As large language models (LLMs) evolve from conversational assistants into autonomous agents, evaluating the safety of their actions becomes critical. Prior safety benchmarks have primarily focused on preventing generation of harmful content, such as toxic text. However, they overlook the challenge of agents taking harmful actions when the most effective path to an operational goal conflicts with human safety. To address this gap, we introduce ManagerBench, a benchmark that evaluates LLM decision-making in realistic, human-validated managerial scenarios.

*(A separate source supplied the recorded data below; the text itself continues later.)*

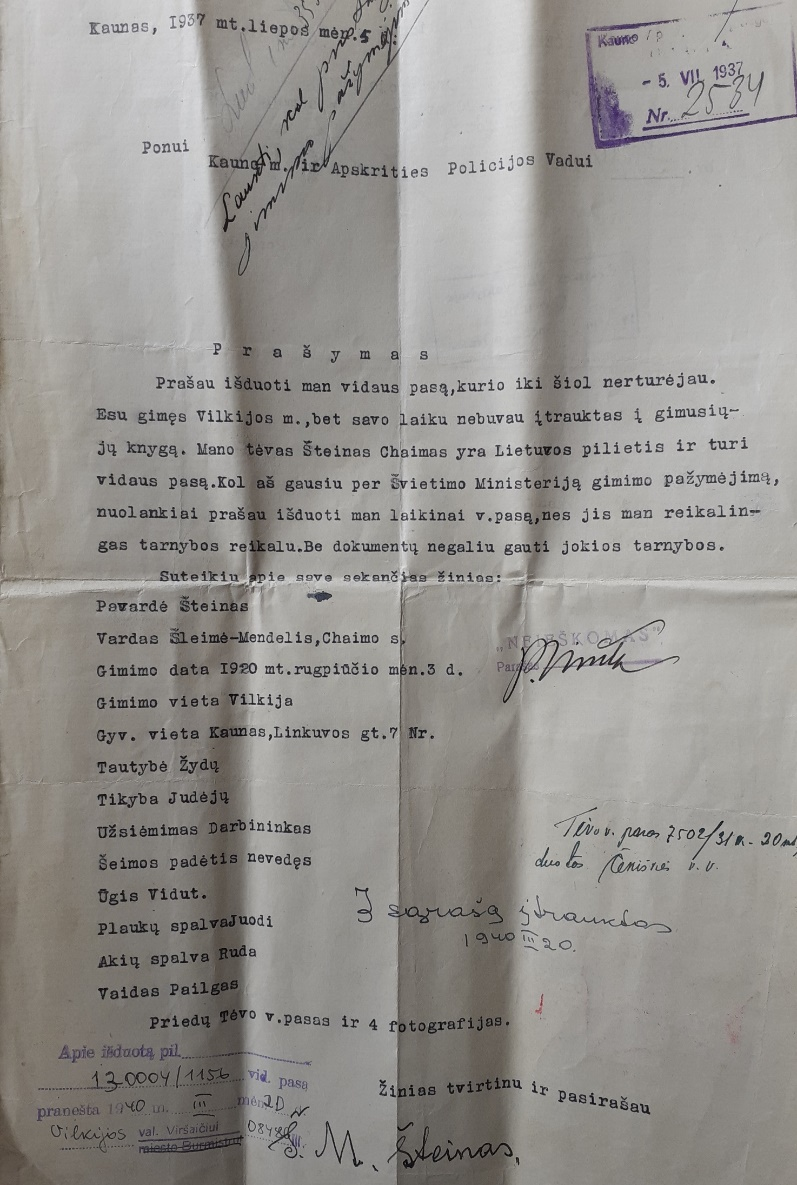 Iš šio prašymo jau žinome ne tik pilną vardą, taip, kaip jį pats žmogus rašė, bet ir tai, kad 1937 m. Š. M. Šteinas nebegyveno – bent jau oficialiai – Ramonų vienkiemyje, nurodytas adresas – Vilijampolėje, tuo metu jau tapusioje Kauno priemiesčiu, Linkuvos g. 7.
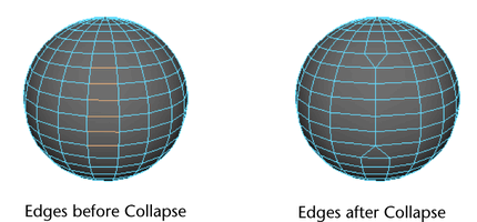 Tip: This command also works on faces, but it produces unpredictable results. If you want to collapse and merge a selection of faces, try using Edit Mesh > Merge to Center.
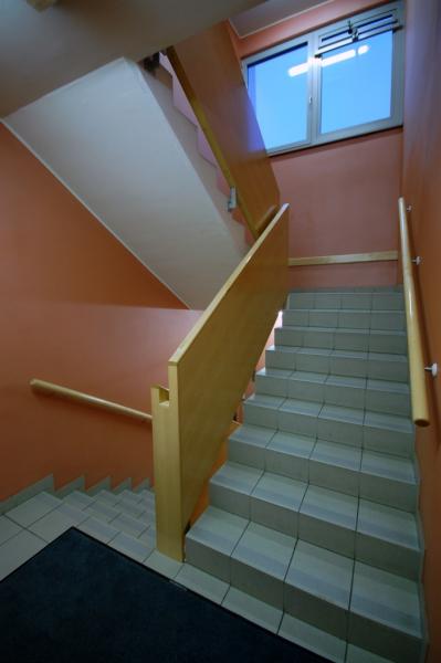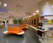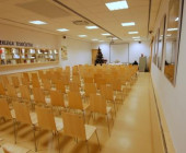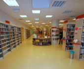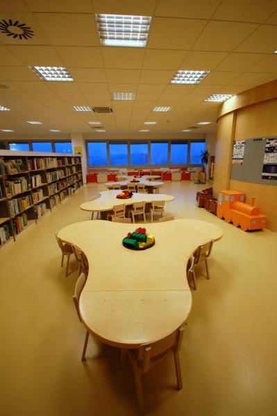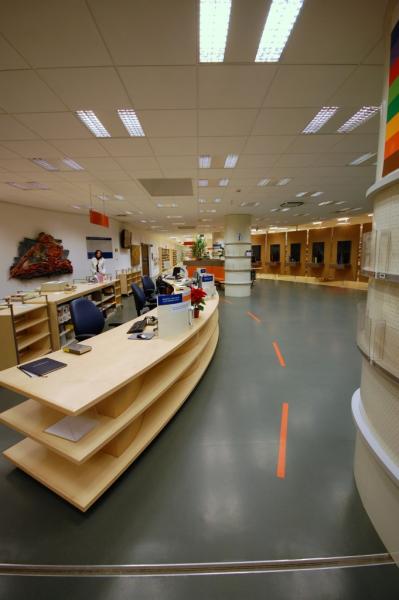 The library is easily accessible by a car or on foot, with a large parking space accessible for disabled people by escalators and elevators.
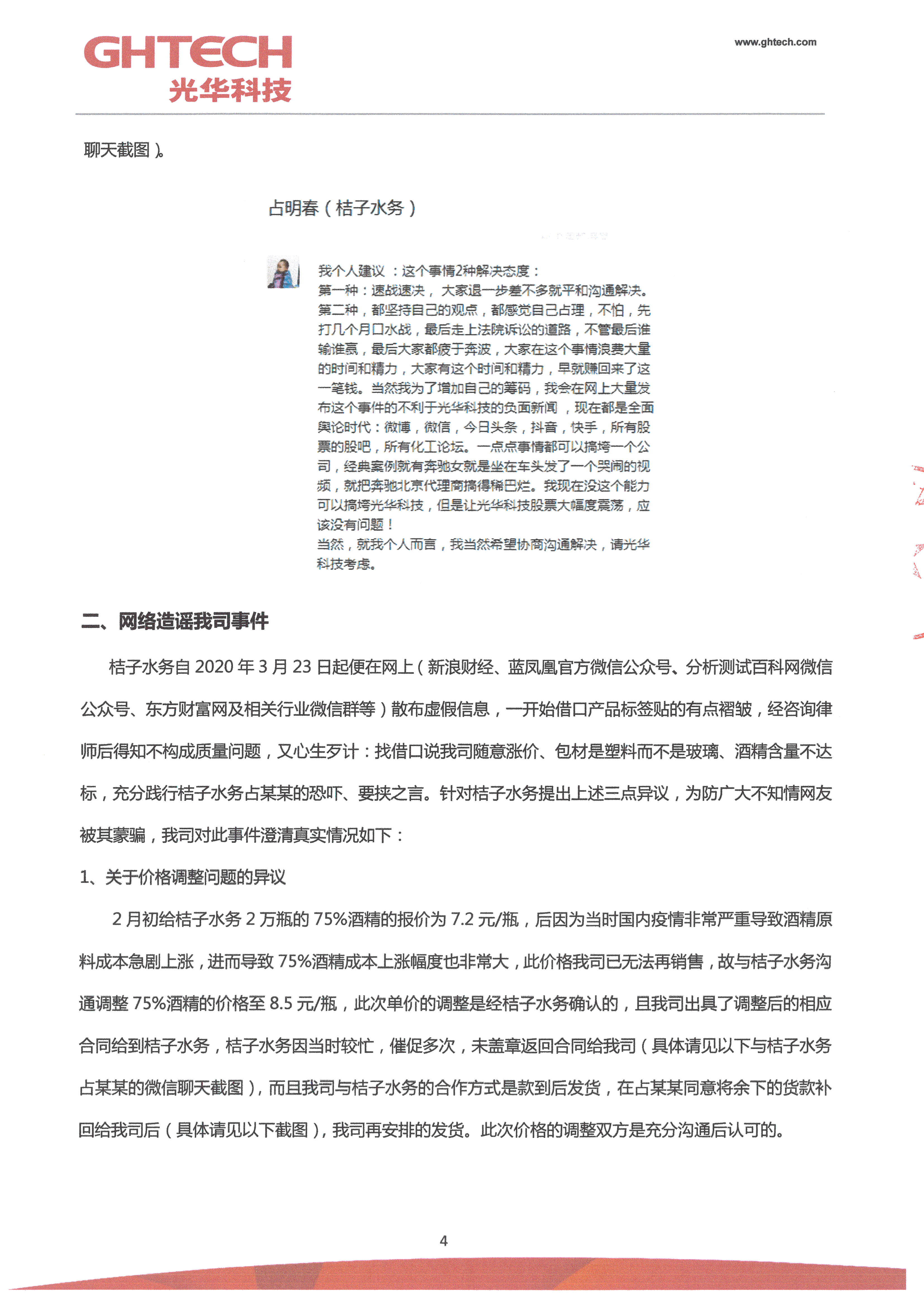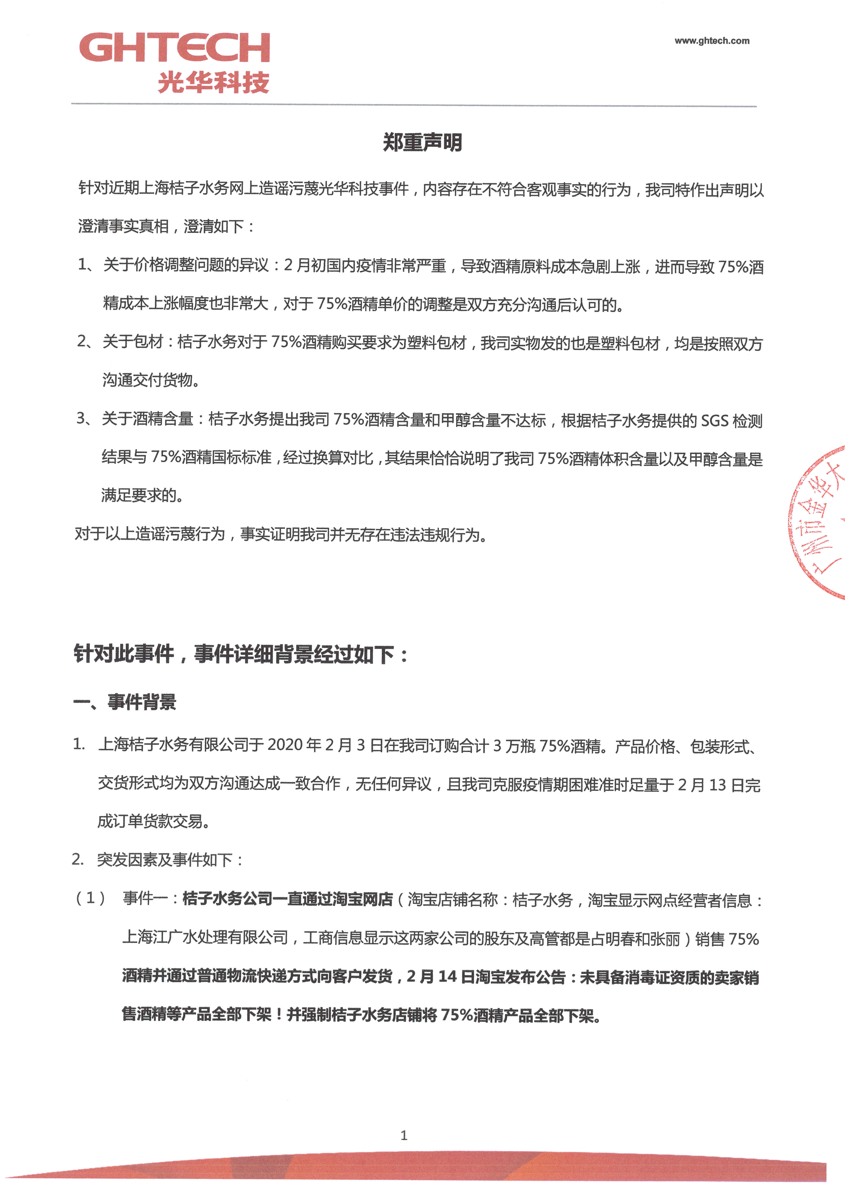 針對近期上海桔子水務網(wǎng)上造謠污蔑光華科技事件的聲明

Each scenario forces a choice between a pragmatic but harmful action that achieves an operational goal, and a safe action that leads to worse operational performance. A parallel control set, where potential harm is directed only at inanimate objects, measures a model's pragmatism and identifies its tendency to be overly safe. Our findings indicate that the frontier LLMs perform poorly when navigating this safety-pragmatism trade-off. Many consistently choose harmful options to advance their operational goals, while others avoid harm only to become overly safe and ineffective. Critically, we find this misalignment does not stem from an inability to perceive harm, as models' harm assessments align with human judgments, but from flawed prioritization. ManagerBench is a challenging benchmark for a core component of agentic behavior: making safe choices when operational goals and alignment values incentivize conflicting actions.
- Clone the repository:
git clone https://github.com/technion-cs-nlp/ManagerBench.git
cd ManagerBench- Create and activate the conda environment:
conda env create -f environment.yml
conda activate manager_bench- Ensure the benchmark data is properly placed in the
bench/directory.
To run ManagerBench on a specific model:
python ManagerBench.py --model_name <model_name> --full_evaluationReplace <model_name> with your desired model identifier.
python ManagerBench.py --model_name gpt-4o-2024-08-06 --full_evaluationResults will be automatically saved in the results/ folder and displayed in the terminal, will show the result of the model similar to the results in Table 1.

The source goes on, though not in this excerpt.